Even though Kulmbach was receiving Imperial protection, it, alongside other princes like the Duchy of Württemberg, had been trying to suppress the rights of the Imperial knights, which were being protected by the Emperor. This shows how the Emperor could intervene on multiple layers of hierarchy: the Emperor was protecting the margrave from Prussia, but also protecting the Imperial knights against the margraves.

This was far from the only case where the Aulic Council defended the rights of weaker Imperial estates against larger ones. Leopold Auer writes that "the Imperial Aulic Council guaranteed the continuity and stability of the complex constitutional structure of the Old Reich by protecting the less powerful members of the Empire against the threats posed by the bigger Estates." Further examples can be found in the Examples of Cases Settled section.

== Composition ==

=== President ===
The president of the Aulic Council was a nobleman, often a count.
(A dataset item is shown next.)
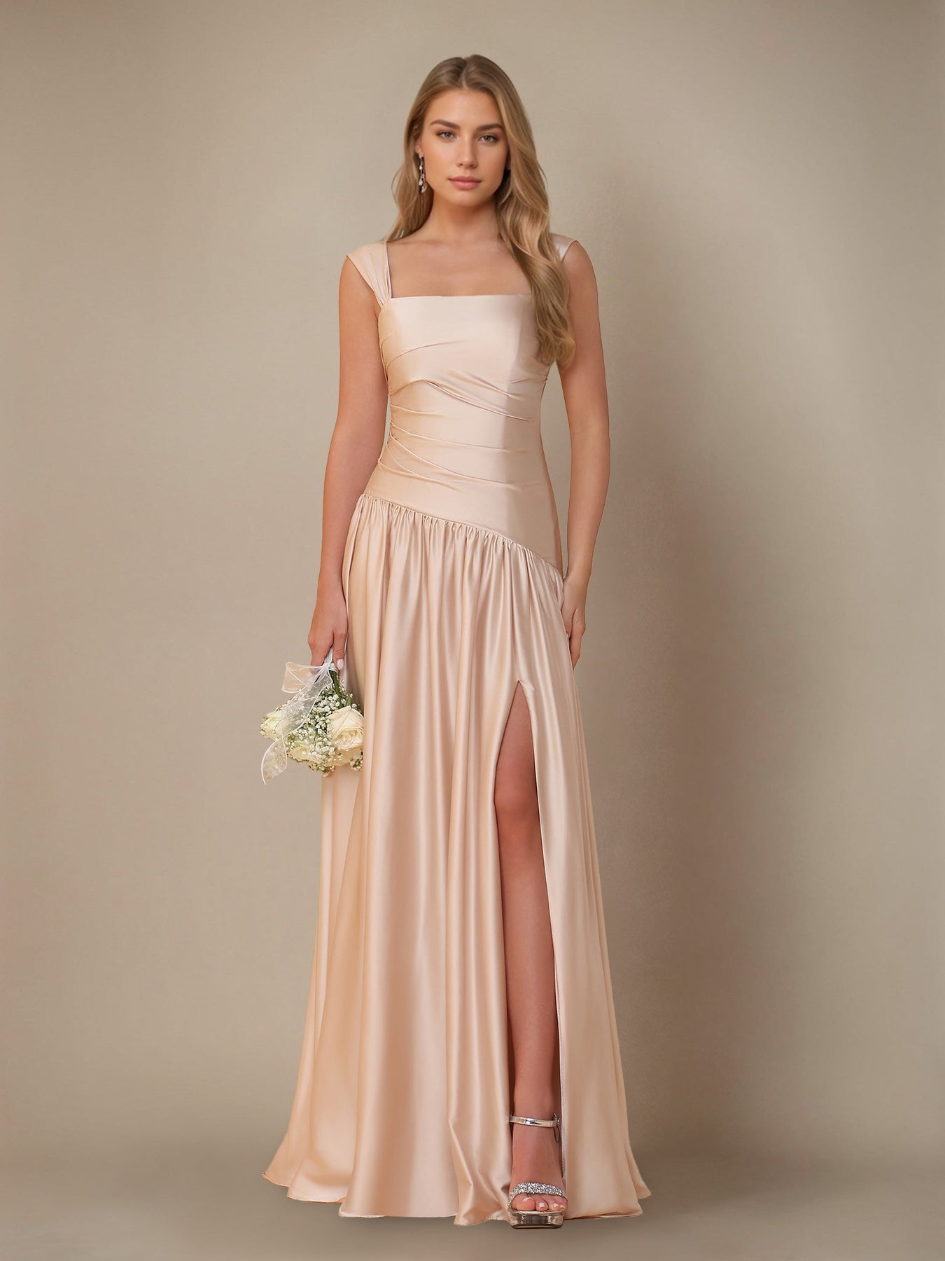 MON5412257 MONDRESSY A-Line/Princess Off-the-Shoulder Sleeveless Floor-Length Silk Satin Bridesmaid Dresses with Pleated & Split Side

They did not necessarily have legal training, but did have experience in politics and diplomacy. The president moderated sessions and took part in voting. His vote was a tiebreaker. He was appointed by the Emperor. There was also a vice president.

=== Vice Chancellor ===
The Vice Chancellor, who was appointed by the Elector of Mainz in his capacity as Imperial archchancellor, held sway in the Aulic Council.

=== Councillors ===
Each Emperor summoned a new Council upon his accession to the throne. The court normally consisted of 10-25 members, though this fluctuated over time. Under pressure from the Imperial Diet, the number of Protestants and Catholics on the council were balanced by Ferdinand III in 1654. Upon the death of an Emperor, the council was dissolved and had to be reconstructed by his successor. The Emperor was responsible for paying the councillors.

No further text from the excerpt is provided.